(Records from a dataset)
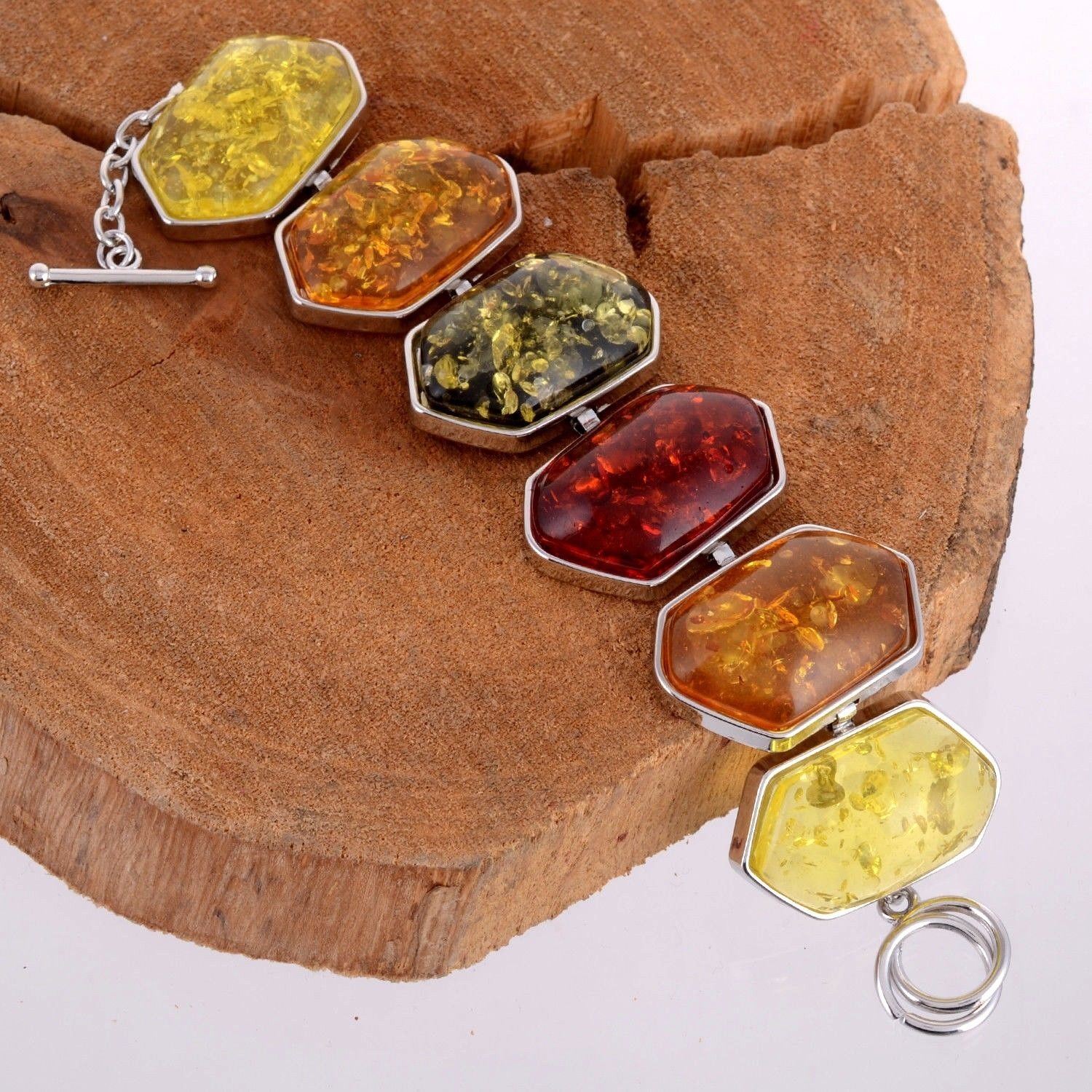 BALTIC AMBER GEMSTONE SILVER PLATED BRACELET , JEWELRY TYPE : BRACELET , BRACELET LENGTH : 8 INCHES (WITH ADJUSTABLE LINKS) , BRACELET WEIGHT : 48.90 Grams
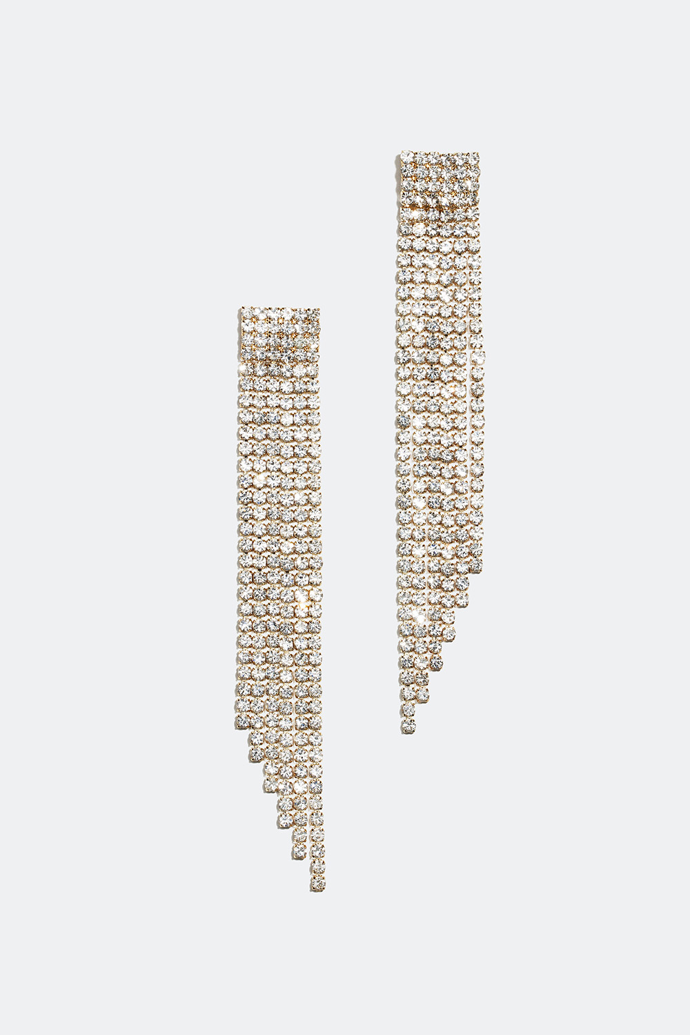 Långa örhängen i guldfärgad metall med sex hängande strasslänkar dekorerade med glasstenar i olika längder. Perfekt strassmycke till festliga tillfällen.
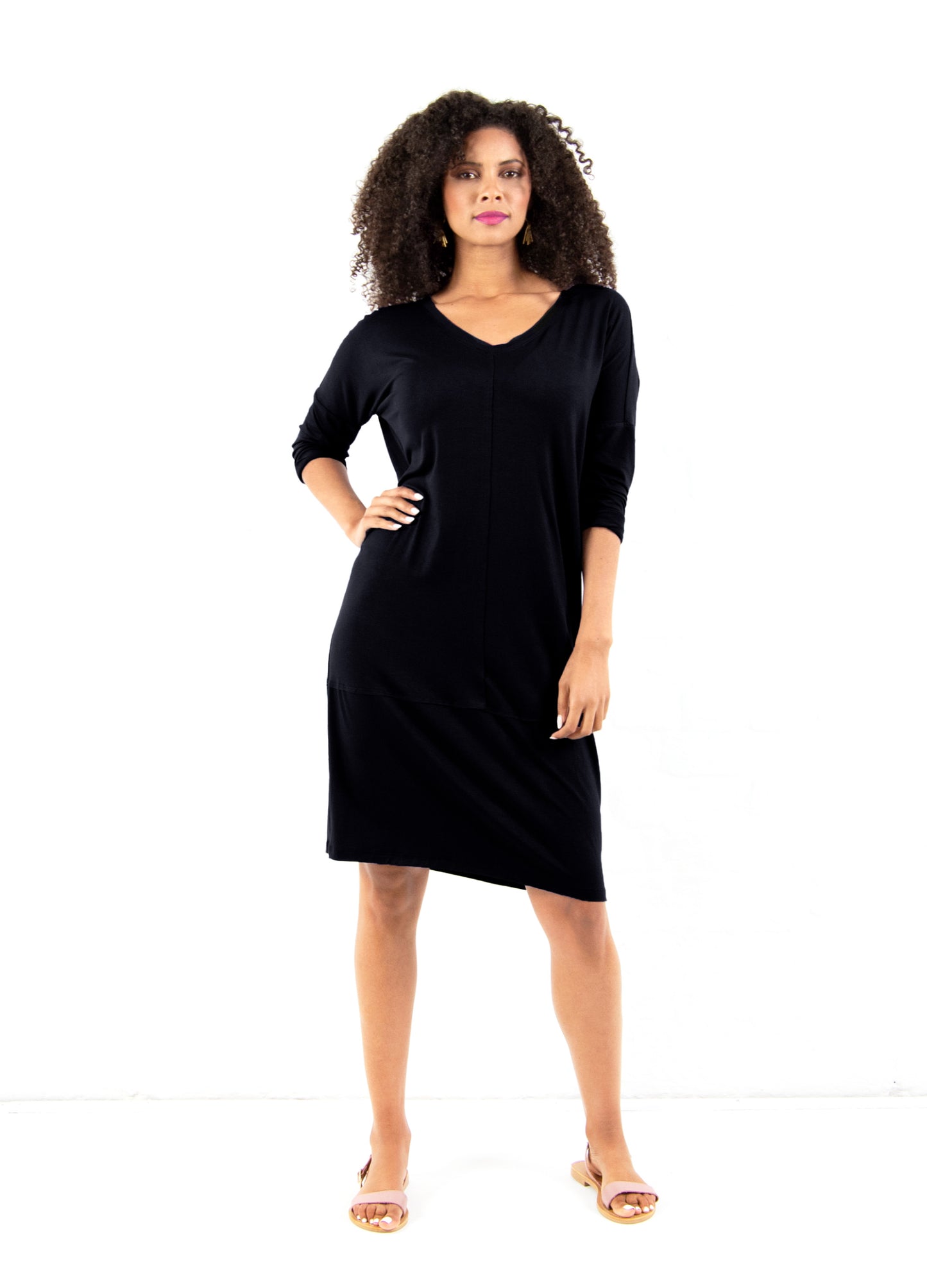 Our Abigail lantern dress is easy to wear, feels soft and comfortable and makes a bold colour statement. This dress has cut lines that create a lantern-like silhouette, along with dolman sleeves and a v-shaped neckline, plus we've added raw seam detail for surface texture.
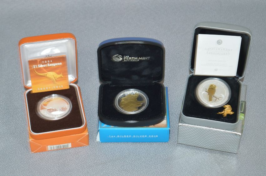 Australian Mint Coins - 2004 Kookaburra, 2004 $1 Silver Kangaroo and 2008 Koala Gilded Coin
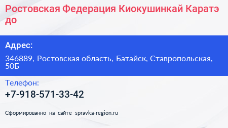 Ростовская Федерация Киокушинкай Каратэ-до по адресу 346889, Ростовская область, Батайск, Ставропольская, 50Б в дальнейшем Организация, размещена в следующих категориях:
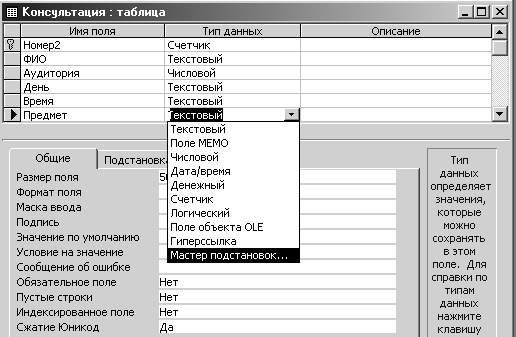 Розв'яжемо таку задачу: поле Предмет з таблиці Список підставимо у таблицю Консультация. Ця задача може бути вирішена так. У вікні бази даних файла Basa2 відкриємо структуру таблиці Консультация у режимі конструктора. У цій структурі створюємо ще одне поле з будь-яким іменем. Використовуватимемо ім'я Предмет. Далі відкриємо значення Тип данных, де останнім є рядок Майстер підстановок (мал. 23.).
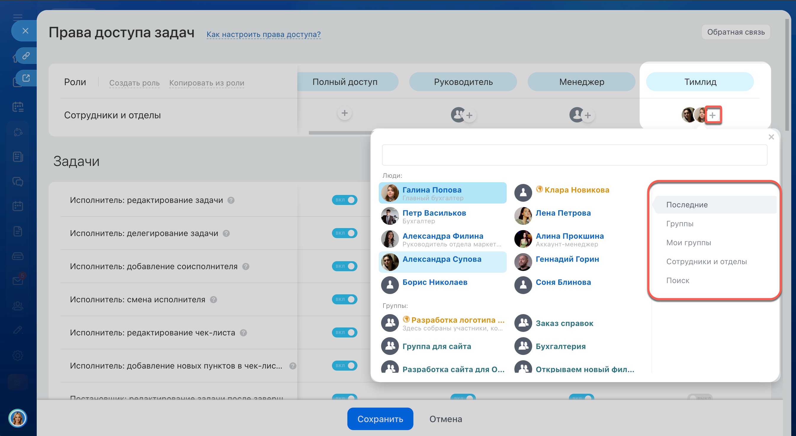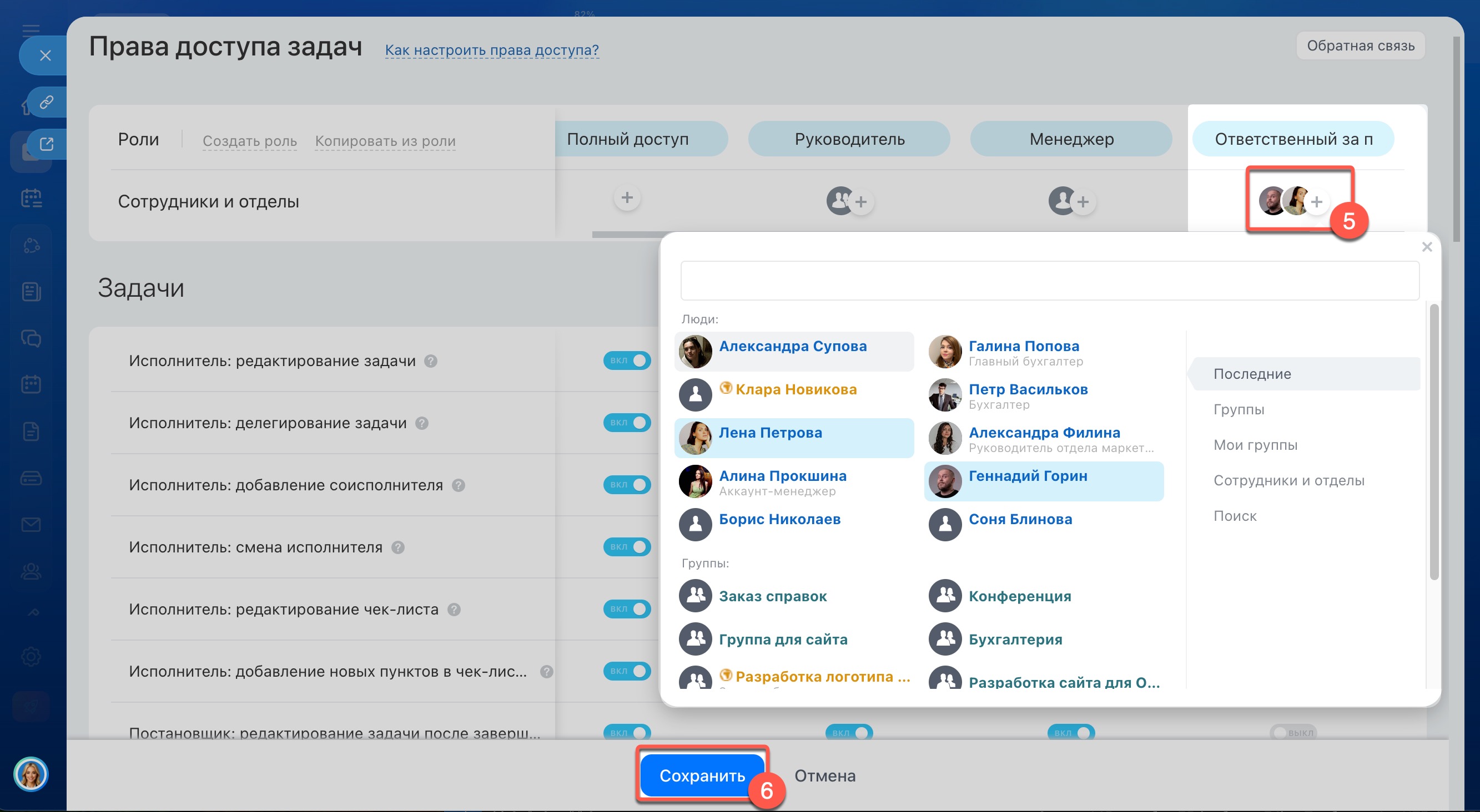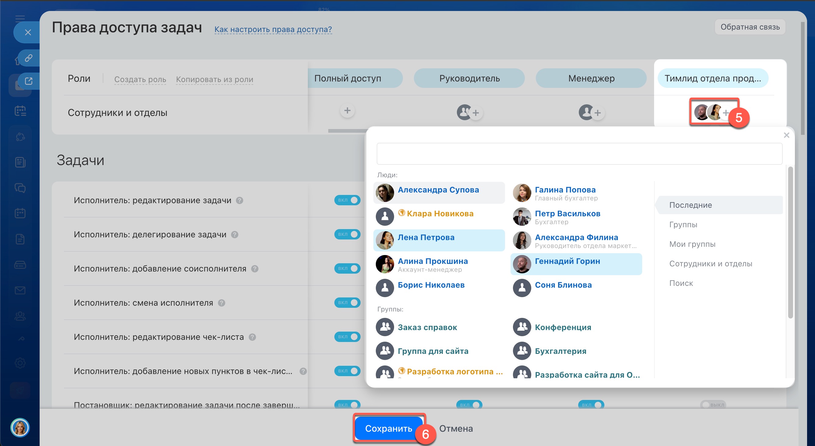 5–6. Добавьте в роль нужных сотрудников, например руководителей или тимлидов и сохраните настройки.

> _Action item_: Using the entries above, transcribe every line from the line containing "Långa örhängen i" through the line containing "Australian Mint Coins". Do not copy pictures.

> _Result_:
 Långa örhängen i guldfärgad metall med sex hängande strasslänkar dekorerade med glasstenar i olika längder. Perfekt strassmycke till festliga tillfällen.
 Our Abigail lantern dress is easy to wear, feels soft and comfortable and makes a bold colour statement. This dress has cut lines that create a lantern-like silhouette, along with dolman sleeves and a v-shaped neckline, plus we've added raw seam detail for surface texture.
 Australian Mint Coins - 2004 Kookaburra, 2004 $1 Silver Kangaroo and 2008 Koala Gilded Coin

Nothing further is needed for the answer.